New Reading Scenes
Reading – the foundational skill of the humanities – has been profoundly transformed by the rise of digital media and the widespread digitization of texts. Already in 2012, N. Katherine Hayles analyzed this transformation in depth in her book How We Think: Digital Media and Contemporary Technogenesis.1 Ever a groundbreaking theorist of media, literature, and critical posthumanism, Hayles has since continued to explore how humans and machines form what she calls a “cognitive assemblage” that challenges the idea of autonomous, self-possessed subjectivity in processes of meaning-making.2 Literary studies scholar Julika Griem has proposed to analyze these transformations by paying close attention to the “reading scene” or scenes where practices of reading are explicitly thematized in literary texts and visual media. She proposes that this media reflexivity enables us to analyze the changing forms, valuations, and norms assigned to reading as a cultural practice.3
What new reading scenes emerge with the spread of large language models (LLMs) and the research practices that surround them? How is reading transformed in terms of modes, methods, but also valuations, when machines read for us, that is, “interpret” content, summarize texts, produce outlines, propose essay questions? What does the formatting of an LLM’s output – the breakdown of content in bullet points, the use of bold typography to focus the reader’s attention on “what counts” (but counts following what norms?), the chat with a bot – do to our understanding and valuation of reading? What do we read of a text, a philosophical position, or a source in a foreign language when we read it through machine reading? Is this reading through the machine a reading with the machine? In other words, do we form an assemblage of shared cognition, and are we co-constituting meaning when we think and read through an LLM?

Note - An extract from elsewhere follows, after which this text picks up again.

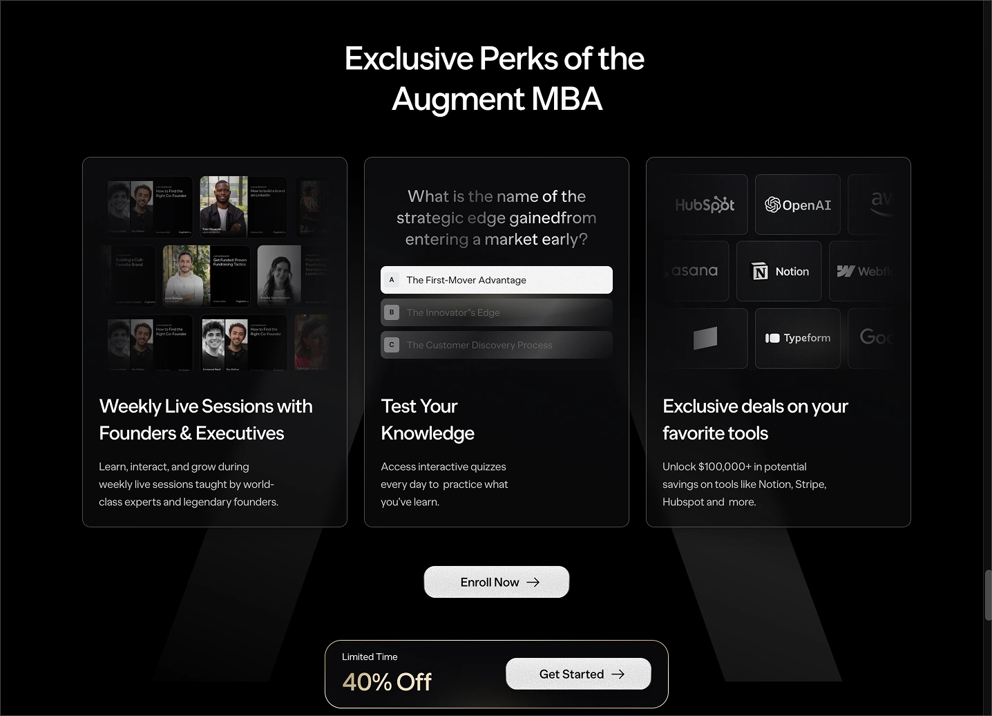 Augment sells an alternative to the traditional MBA. Their instructors include the founders of Wikipedia, YouTube, Shazam, and Eventbrite. Annual memberships run $399/year; lifetime access is $1,470.

One is reminded of Friedrich Nietzsche, who, in 1882, chiselled away on his Hansen Writing Ball the following words: “Unser Schreibzeug arbeitet mit an unseren Gedanken”4 (“Our writing tool works with us at shaping our thoughts”). Martin Stingelin has pointed to this passage as one of the foundational “writing scenes” where the writer acknowledges how the machine contributes in a very embodied, material way, to co-shaping what they think and what they write.5 Transposing this to our current reading scene, are we still reading with the machine or have we started to read from it, such that we are nudged to align with the interpretations that a model generates and the valuations attached to these interpretations? And could we arrive at a point where we consider machine reading – reading from the machine – the default mode of what it means to read? Perhaps this will not be the case for people who grew up learning to read independently of models. But what about the next generation?

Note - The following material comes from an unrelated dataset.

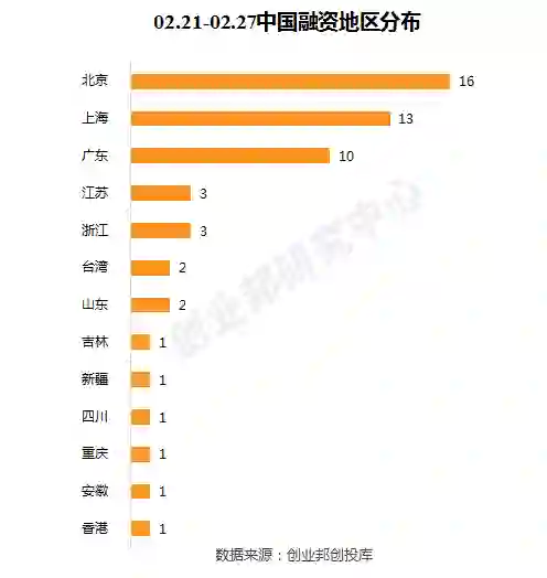 本周北上广融资事件共39起,占比69.64%;江苏、浙江各3起;台湾有2起。

Many German Länder are currently introducing the use of LLMs in school for teaching and learning purposes.6 I am convinced that LLMs will have a massive impact on the ability to read and interpret texts and also to make sense of oral discourse. That is why I am sceptical about the introduction of these models in educational settings at a stage when children and adolescents are still learning how to read – grappling with how to parse information, how to interpret complex texts, and how to develop an awareness for the rhetorical dimension of language. The rationale behind this introduction, apart from clear economic interests, is that LLMs constitute a chance as long as students learn how to use them “critically.”7
Critical thinking is the operative yet under-defined concept that does a lot of work in the institutional positioning of schools and universities toward LLMs. Critical thinking functions as the safe-guard of students‘ autonomy, a value still considered essential in pedagogical settings. At the same time, it is expected that critical thinking toward AI does not hinder readiness to use the tools in order to optimally prepare students for the job market. What does the reading scene look like in which students are taught “critical thinking” towards LLMs’ outputs? What I have found so far is that activities addressed to high-school students often consist in discovering the inaccuracies and errors that the model generated in response to a prompt. Students may be for instance asked to compare AI output with information existing elsewhere on the web or in books. In this reading scene, students are trained to become not the active producer of meaning, of analysis, of arguments, but the evaluators, modulators, improvers of AI models. These evaluations, modulations, and improvements expected from the students are made on the basis of and thus remain determined by the kind of normative rationality that characterizes current AI.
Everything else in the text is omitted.